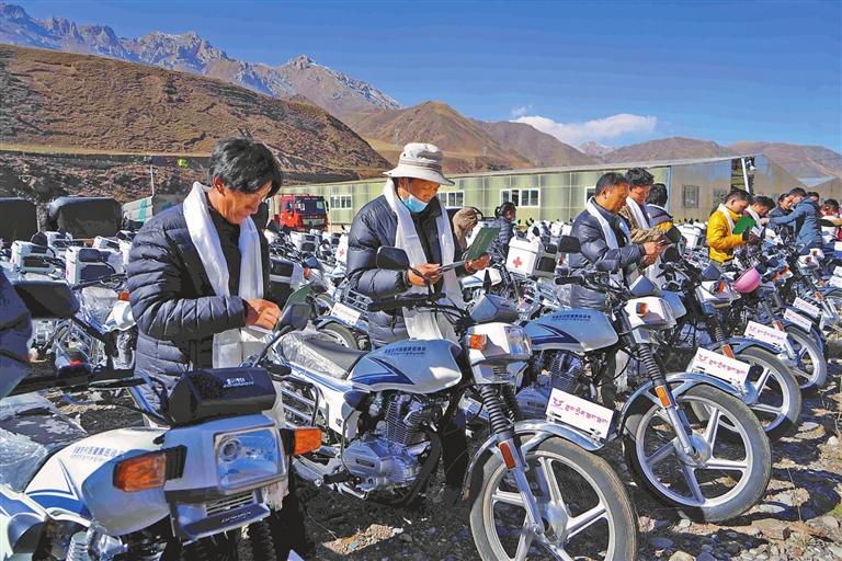 近日,那曲市索县举行村医健康巡诊摩托车发放仪式,向全县124个行政村(居)的乡村医生配发巡诊摩托车124辆,实现全县村医巡诊交通工具基本覆盖。
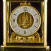 Wood case, antique walnut finish. Decorative carved accents. Brass-finish accents and revolving pendulum. Decorative screened glass front and side panels. Removable clear acrylic back panel. Choice of Westminster, 4/4 Westminster or Bim-Bam chimes. Counts the hour. Adjustable volume control. Three-position chime switch offers choice of silent, night shut-off or lowered volume at night. H: 10.75” W: 9.5” D: 6.5”
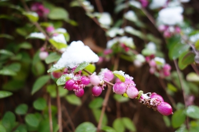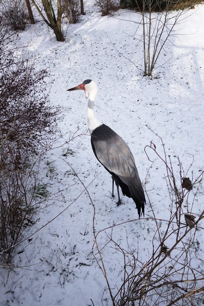 А вот за вольерами показалась просторная площадка с прудиком, и здесь, словно яблоки на снегу — яркие и нежные на вид фламинго.
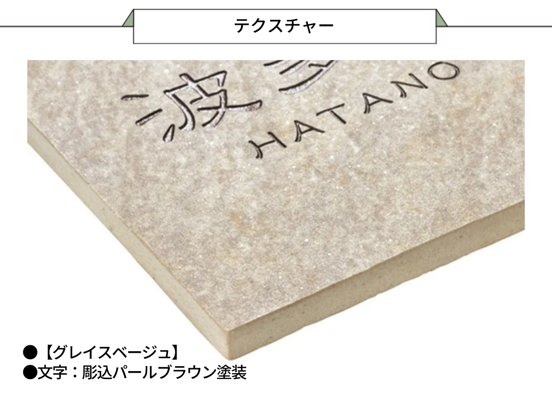 仕上げ | グレイスベージュ(表札のカラーは「グレイスグレー」に変更可能です) |
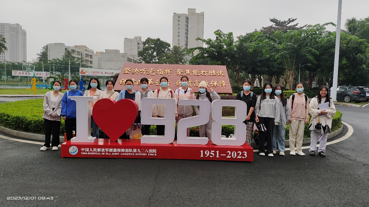为了使学生们能更好地将学校学习的理论知识运用到实践操作中,2023年12月1日健康医学院/健康产业管理学院的刘思楠老师将护理专业的学生们送到海口市中国人民解放军联勤保障部队第九二八医院进行为期5个月的实习。

_Assigned task_.
Transcribe the full listing above exactly as it stands, minus the pictures.

_Answer box_.
 近日,那曲市索县举行村医健康巡诊摩托车发放仪式,向全县124个行政村(居)的乡村医生配发巡诊摩托车124辆,实现全县村医巡诊交通工具基本覆盖。
 Wood case, antique walnut finish. Decorative carved accents. Brass-finish accents and revolving pendulum. Decorative screened glass front and side panels. Removable clear acrylic back panel. Choice of Westminster, 4/4 Westminster or Bim-Bam chimes. Counts the hour. Adjustable volume control. Three-position chime switch offers choice of silent, night shut-off or lowered volume at night. H: 10.75” W: 9.5” D: 6.5”
 А вот за вольерами показалась просторная площадка с прудиком, и здесь, словно яблоки на снегу — яркие и нежные на вид фламинго.
 仕上げ | グレイスベージュ(表札のカラーは「グレイスグレー」に変更可能です) |
为了使学生们能更好地将学校学习的理论知识运用到实践操作中,2023年12月1日健康医学院/健康产业管理学院的刘思楠老师将护理专业的学生们送到海口市中国人民解放军联勤保障部队第九二八医院进行为期5个月的实习。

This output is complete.